Samurai Blade | Atomos (http://www.atomos.com/samurai-blade/)

Chris Young
CYV Productions
Sydney

Mark Koha
August 30th, 2014, 01:29 PM
+1 on the Samurai. I use the same setup of a 305 and Samurai Blade. I love the thing.

Kathy Smith
August 31st, 2014, 05:23 AM
Thanks a bunch!

Al Bergstein
August 31st, 2014, 09:25 AM
+1 on the Blade. A great product. I use an SSD with it.

Steve Hontz
August 31st, 2014, 11:32 AM
I did a two-day conference with an XF305 and XF105. I have 4 CF cards for each camera.

As each card filled up, I would take it out and load it onto a laptop equipped with an external USB 3 card reader. A previously-formatted empty card would take its place.

At break times, I would copy the most-recently copied contents from the laptop hard drive to an external USB 3 hard drive, so I would have two copies. Also, I would format any cards that had been successfully copied so they would be ready to go in the rotation.

Kathy Smith
September 3rd, 2014, 04:46 AM
I did a two-day conference with an XF305 and XF105. I have 4 CF cards for each camera.

As each card filled up, I would take it out and load it onto a laptop equipped with an external USB 3 card reader. A previously-formatted empty card would take its place.

At break times, I would copy the most-recently copied contents from the laptop hard drive to an external USB 3 hard drive, so I would have two copies. Also, I would format any cards that had been successfully copied so they would be ready to go in the rotation.
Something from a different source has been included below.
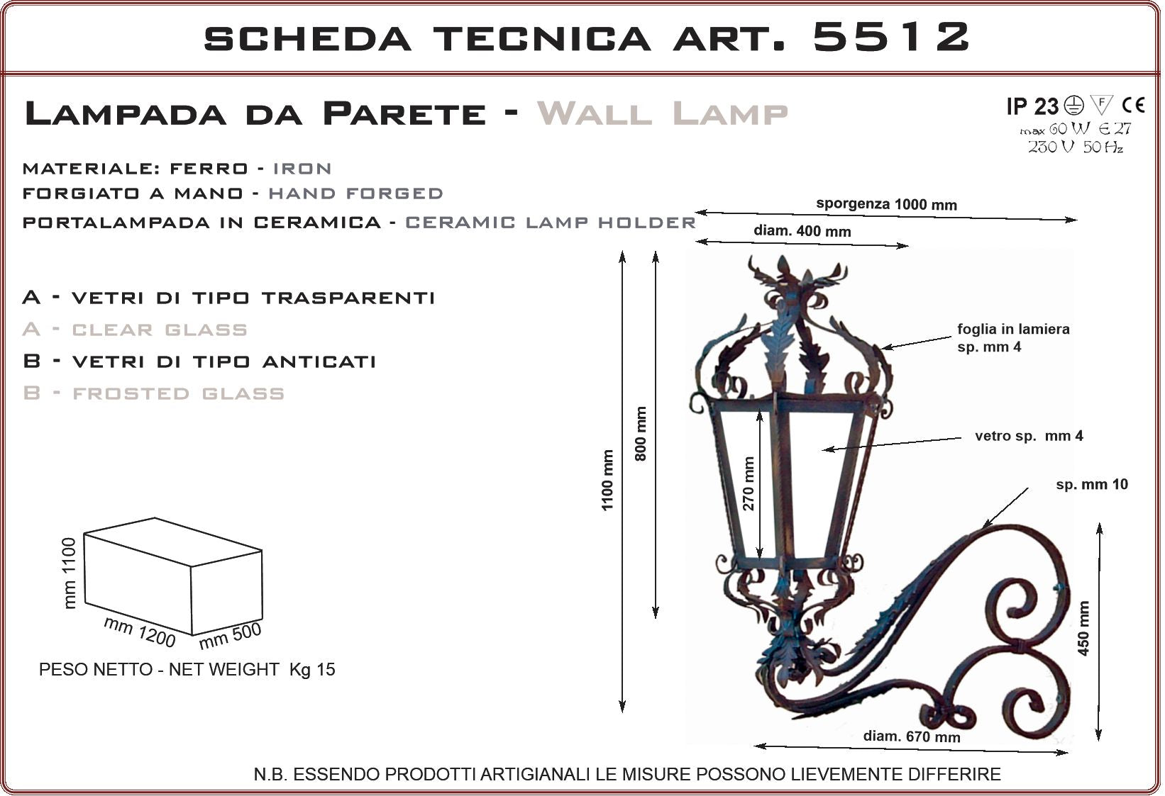 Lanterna da parete di grandi dimensioni  in ferro  battuto, stile Liberty arte povera, elegante forgiatura artigianale con foglie decorative. Prodotto artigianale realizzato in Italia, particolarmente adatto per ville di campagna, casali in pietra, rustici, agriturismi,  country houses  cascine, residenze d'epoca,  masserie e masi. Portalampada in ceramica rivestito in ferro con finitura in  ferro vecchio realizzata con prodotti antiruggine da esterno e finita con cere antichizzanti color ruggine. Essendo  eseguita a mano può avere  differenti  tonalità  tra un prodotto e l’altro. É possibile sopraverniciare il prodotto con qualsiasi vernice o trattamento.

What was the capacity of each card? Did you have enough time in between to copy each card to the computer before running out of cards?

James Redmond
September 3rd, 2014, 06:30 PM
Kathy, I also have a 305 and a 105.

I use both 128 gigs and 64 gig cards

64 gig is 163 minutes of HD video (1920-1080) 50 mbps
128 would be 326 minutes.

Get a USB3 CF card reader (if you have a computer that uses usb3). It will speed it up by 10 times over usb2 the transfer speed.
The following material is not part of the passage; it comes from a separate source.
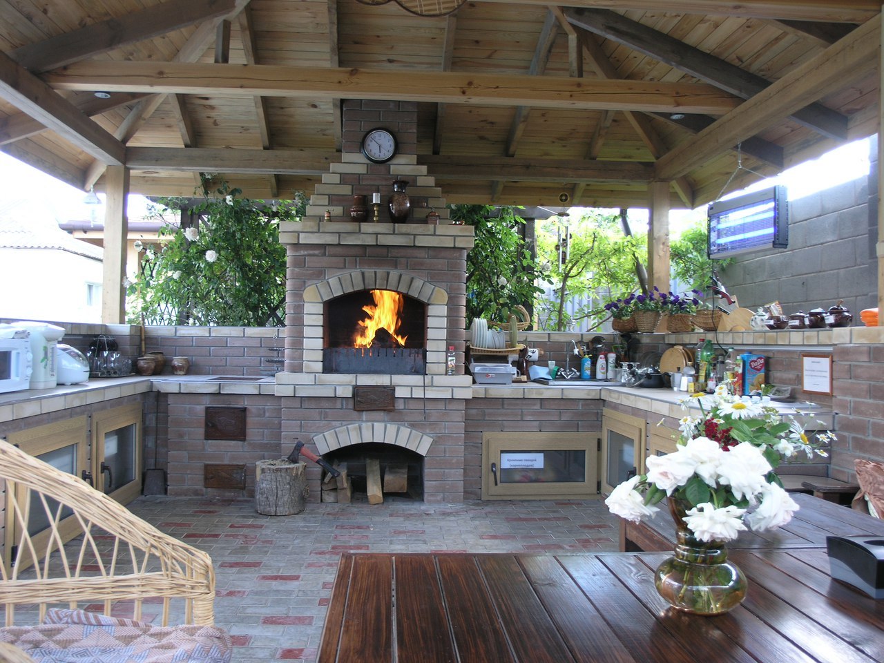 У нас есть все, для комфортного отдыха, в том числе стиральная и посудомоечные машины, камин с вставкой под шампуры и печь для казана, финская сауна и бассейн с подогревом.

During the breaks is when I start to transfer files. 4 CF cards will do (even 64 gigs),

at nanoflash dot com you can get a 128 gig CF for $200. I just got one for my last event.

Good luck, James

Scott Brooks
September 4th, 2014, 01:47 PM
James ... good info on CF cards. I just purchased the XF200 and was wondering about the size cards I needed.

Just one correction though on the Nano site ... I believe that should be dot net.

Steve Hontz
September 5th, 2014, 05:42 PM
What was the capacity of each card? Did you have enough time in between to copy each card to the computer before running out of cards?

My cards are 32GB cards = 82 mins each (at 1920x1080 24p.) I don't have a full card to test with right now, but as I recall, it takes about 7 mins to download a full card to the laptop. Because I used the relay record, I could just pull cards when they filled up and stick in a fresh card without stopping.

I don't like having one big card. In case the card fails (or you accidentally wipe it) you've lost everything.